BY THE WAY: Shoot for the Miss Uganda crown

What you need to know:

You probably have to reply, “Sir, yes, sir” to everything said then salute, do a 180 degree turn and walk out, stiff-backed, using the same door you walked in. You are probably not served tea in these talks

Last week, word reached us that the army was in talks with the Miss Uganda Foundation to take over the Miss Uganda beauty pageant. I’d hate to be in the Miss Uganda Foundation’s high heels; I imagine talks with the army to be largely one-sided communications on what’s going to happen next.

You probably have to reply, “Sir, yes, sir” to everything said then salute, do a 180 degree turn and walk out, stiff-backed, using the same door you walked in. You are probably not served tea in these talks.

The army would like to make sure, they announced, that the winners are judged partly based on their skills in agriculture. If the army does take over, the beauty queen shouldn’t only know how to apply foundation and be at the forefront of different noble causes, she should also know how to put her weight behind a hoe and till a few acres without breaking a sweat.

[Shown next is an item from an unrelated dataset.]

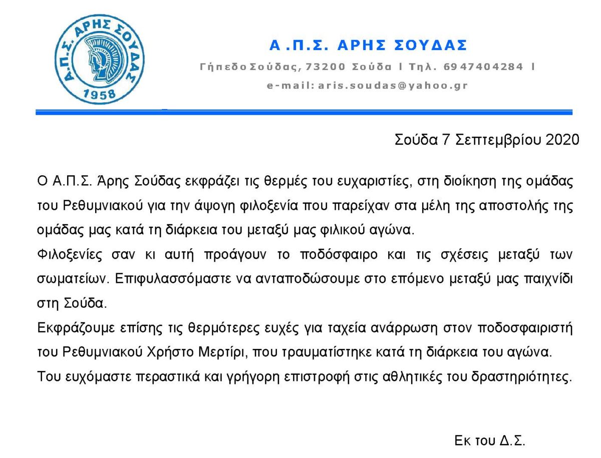 Γ' ΕθνικήΆρης Σούδας: Ευχαριστεί τον Ρεθυμνιακό – Περαστικά στον Μερτίρι 07 Σεπ Δείγμα των καλών σχέσεων των ομάδων της Κρήτης Η ανακοίνωση του Άρη Σούδας αναφέρεται και στον τραυματισμό του ποδοσφαιριστή της ομάδας του Ρεθυμνιακού Μερτίρι στον οποίο εύχεται περαστικά.

If you know someone who hopes to be crowned Miss Uganda, dear reader, for the judges of the pageant to dig her, she should know how to dig too. Good thing is she now has a heads-up; a few days of focused work can get her ready.

She might need to do her practice in a less bourgeois neighborhood than her current abode in Ntinda; cement generally fights back when a hoe is swung at it. She could try looking for brown patches further out of town.

That’s step one. To get her ready for glory, there are a few other things she needs to check and see whether she’s ready to get the crown.

Can she dismantle and reassemble a gun faster than all the other contestants? To get ahead of all those other young ladies vying for the crown, watching a few Chuck Norris movies would put her miles ahead.

Does she know how to goose march?
Can she tell the difference between Agrocytrin, Agrothoate and Kocide just by sniffing? Let her start doing her homework
Is she able to, just by feeling, tell the difference between peas and green grams?

At the time of writing this, we aren’t sure whether on winning the pageant, she will be crowned or handed a gun and an assignment.

We also aren’t sure whether, in addition to the swimsuit edition, there’ll be an army fatigues edition to see who dons combat gear, complete with a few magazines strapped over their shoulder, best.